# HOW TO COMPLETE THIS TASK:
Exact copies of the lines below, from the one with "This Busker B570S" up to and including the one with "努力总有回报,在节能产品、方", are what this calls for; leave out pictures.
(Beginning of INFORMATION SUPPLIED)
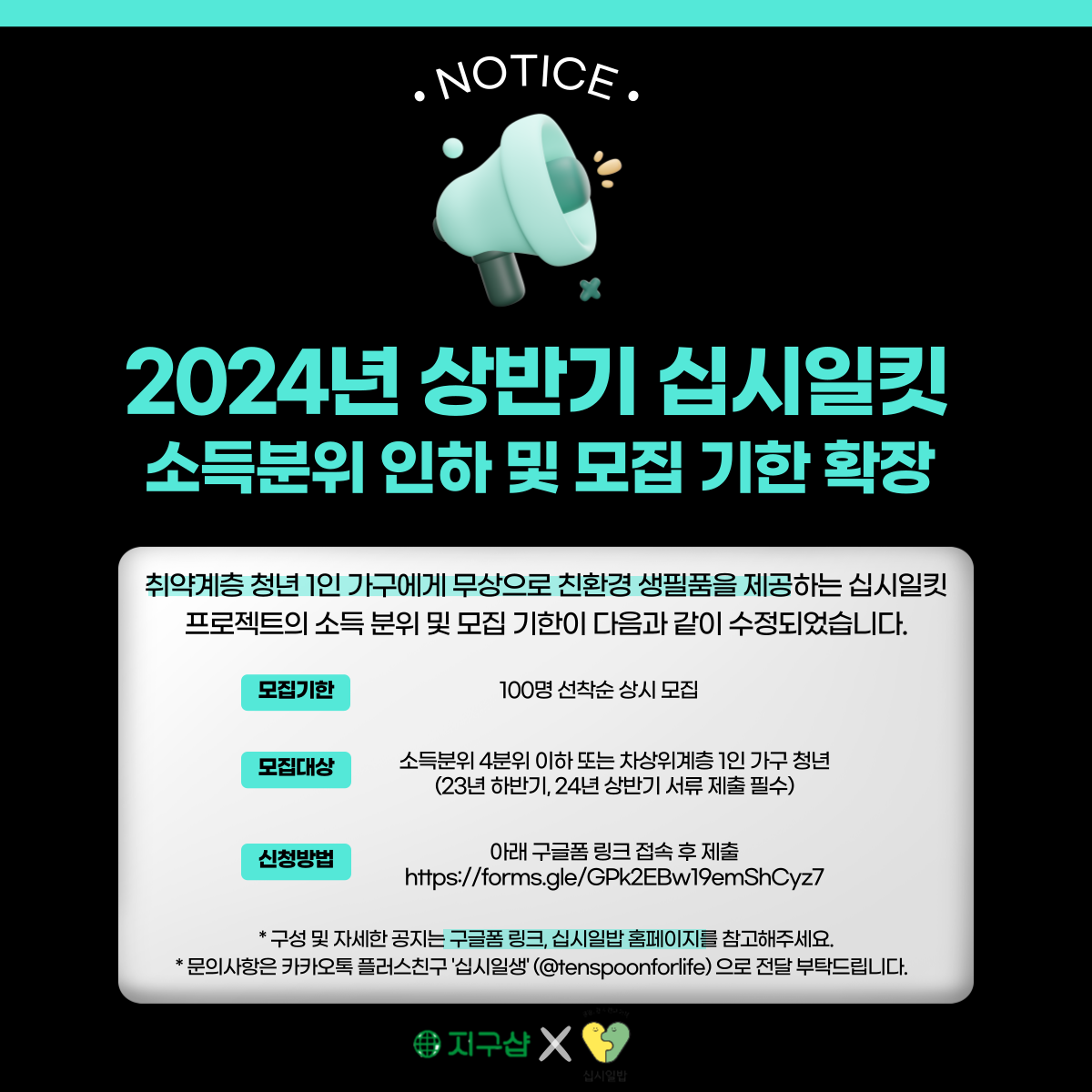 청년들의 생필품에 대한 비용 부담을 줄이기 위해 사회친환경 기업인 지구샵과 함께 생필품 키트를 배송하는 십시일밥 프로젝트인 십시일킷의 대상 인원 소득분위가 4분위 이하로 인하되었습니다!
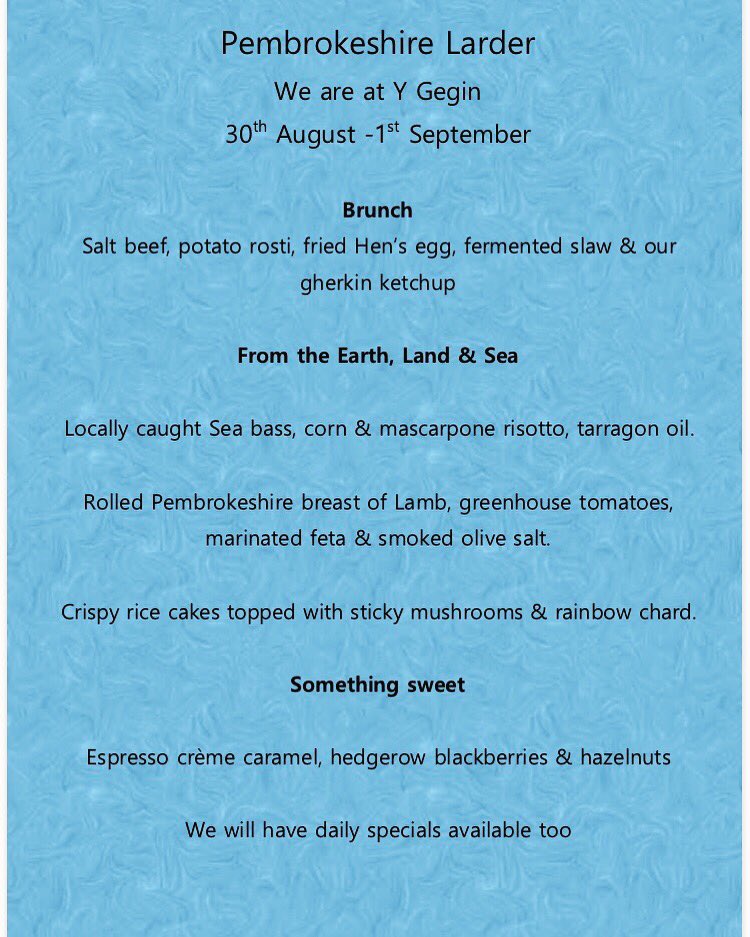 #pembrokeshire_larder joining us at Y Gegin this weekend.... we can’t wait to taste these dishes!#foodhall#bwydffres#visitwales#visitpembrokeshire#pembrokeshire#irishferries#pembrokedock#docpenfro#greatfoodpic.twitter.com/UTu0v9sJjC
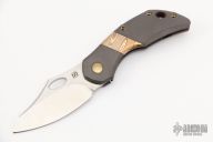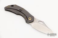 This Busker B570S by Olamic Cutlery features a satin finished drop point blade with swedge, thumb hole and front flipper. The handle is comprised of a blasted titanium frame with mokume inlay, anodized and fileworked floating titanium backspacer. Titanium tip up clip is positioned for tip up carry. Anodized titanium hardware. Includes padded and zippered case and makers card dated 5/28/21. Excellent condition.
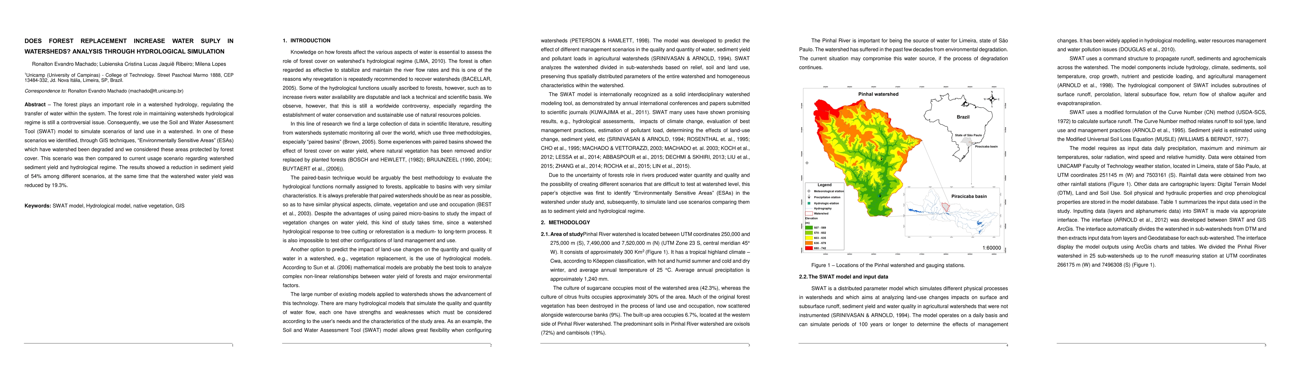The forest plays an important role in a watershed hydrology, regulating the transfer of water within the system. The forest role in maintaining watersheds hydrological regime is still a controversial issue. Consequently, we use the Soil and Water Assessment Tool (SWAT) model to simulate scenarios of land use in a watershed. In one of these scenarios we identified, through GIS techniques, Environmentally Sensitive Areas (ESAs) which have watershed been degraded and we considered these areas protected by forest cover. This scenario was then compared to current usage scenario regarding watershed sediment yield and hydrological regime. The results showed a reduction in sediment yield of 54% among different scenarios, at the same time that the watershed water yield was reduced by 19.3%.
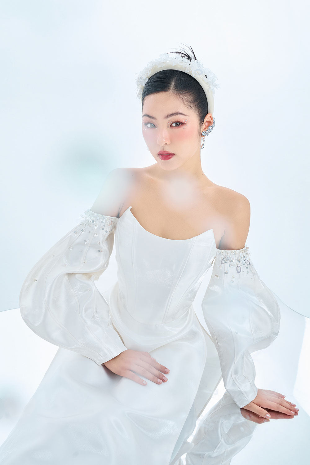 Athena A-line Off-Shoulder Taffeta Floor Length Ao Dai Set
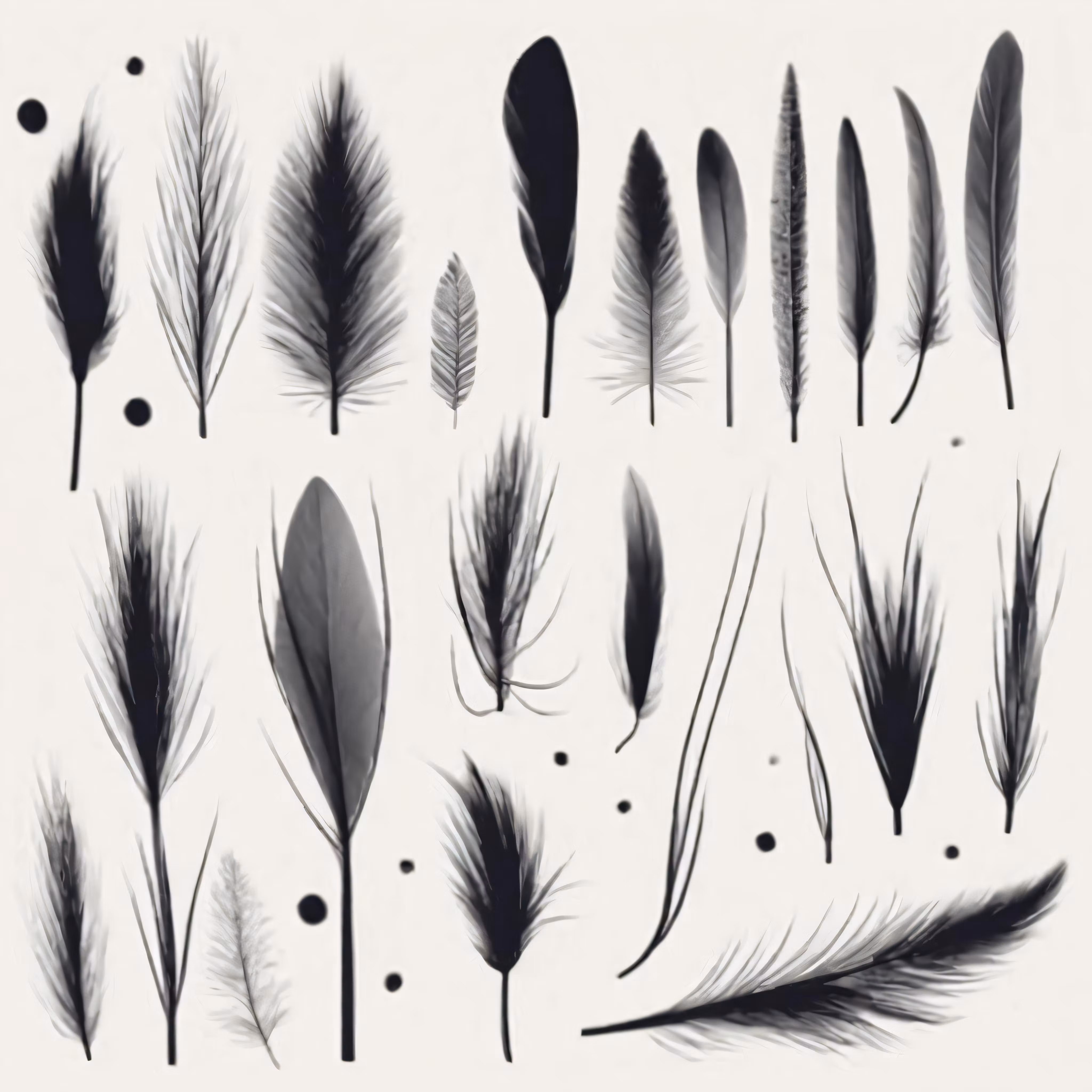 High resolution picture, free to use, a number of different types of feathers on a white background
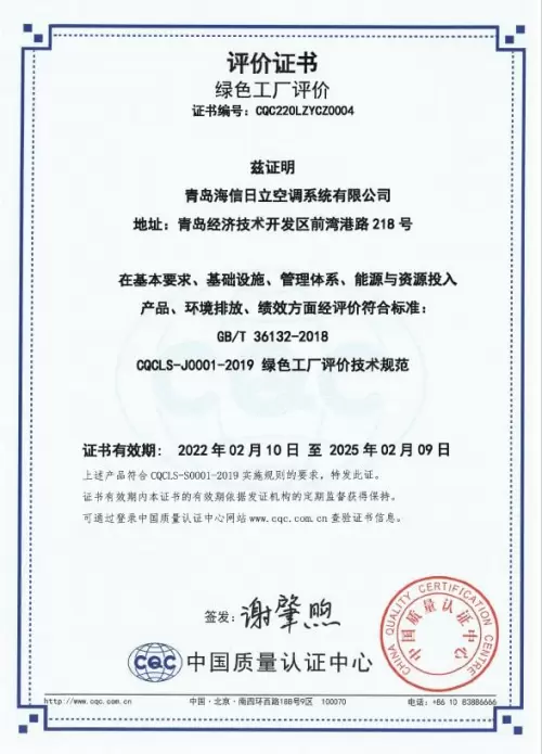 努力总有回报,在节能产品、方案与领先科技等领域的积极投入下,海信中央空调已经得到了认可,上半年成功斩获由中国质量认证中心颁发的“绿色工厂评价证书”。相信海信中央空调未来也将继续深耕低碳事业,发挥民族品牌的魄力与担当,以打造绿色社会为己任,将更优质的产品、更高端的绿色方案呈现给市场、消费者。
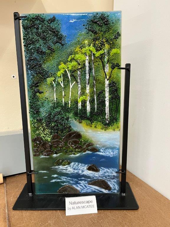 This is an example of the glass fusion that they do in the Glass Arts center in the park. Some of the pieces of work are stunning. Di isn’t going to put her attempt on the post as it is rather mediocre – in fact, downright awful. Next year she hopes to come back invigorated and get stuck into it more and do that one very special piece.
(End of INFORMATION SUPPLIED)
# TASK ANSWER:
 This Busker B570S by Olamic Cutlery features a satin finished drop point blade with swedge, thumb hole and front flipper. The handle is comprised of a blasted titanium frame with mokume inlay, anodized and fileworked floating titanium backspacer. Titanium tip up clip is positioned for tip up carry. Anodized titanium hardware. Includes padded and zippered case and makers card dated 5/28/21. Excellent condition.
The forest plays an important role in a watershed hydrology, regulating the transfer of water within the system. The forest role in maintaining watersheds hydrological regime is still a controversial issue. Consequently, we use the Soil and Water Assessment Tool (SWAT) model to simulate scenarios of land use in a watershed. In one of these scenarios we identified, through GIS techniques, Environmentally Sensitive Areas (ESAs) which have watershed been degraded and we considered these areas protected by forest cover. This scenario was then compared to current usage scenario regarding watershed sediment yield and hydrological regime. The results showed a reduction in sediment yield of 54% among different scenarios, at the same time that the watershed water yield was reduced by 19.3%.
 Athena A-line Off-Shoulder Taffeta Floor Length Ao Dai Set
 High resolution picture, free to use, a number of different types of feathers on a white background
 努力总有回报,在节能产品、方案与领先科技等领域的积极投入下,海信中央空调已经得到了认可,上半年成功斩获由中国质量认证中心颁发的“绿色工厂评价证书”。相信海信中央空调未来也将继续深耕低碳事业,发挥民族品牌的魄力与担当,以打造绿色社会为己任,将更优质的产品、更高端的绿色方案呈现给市场、消费者。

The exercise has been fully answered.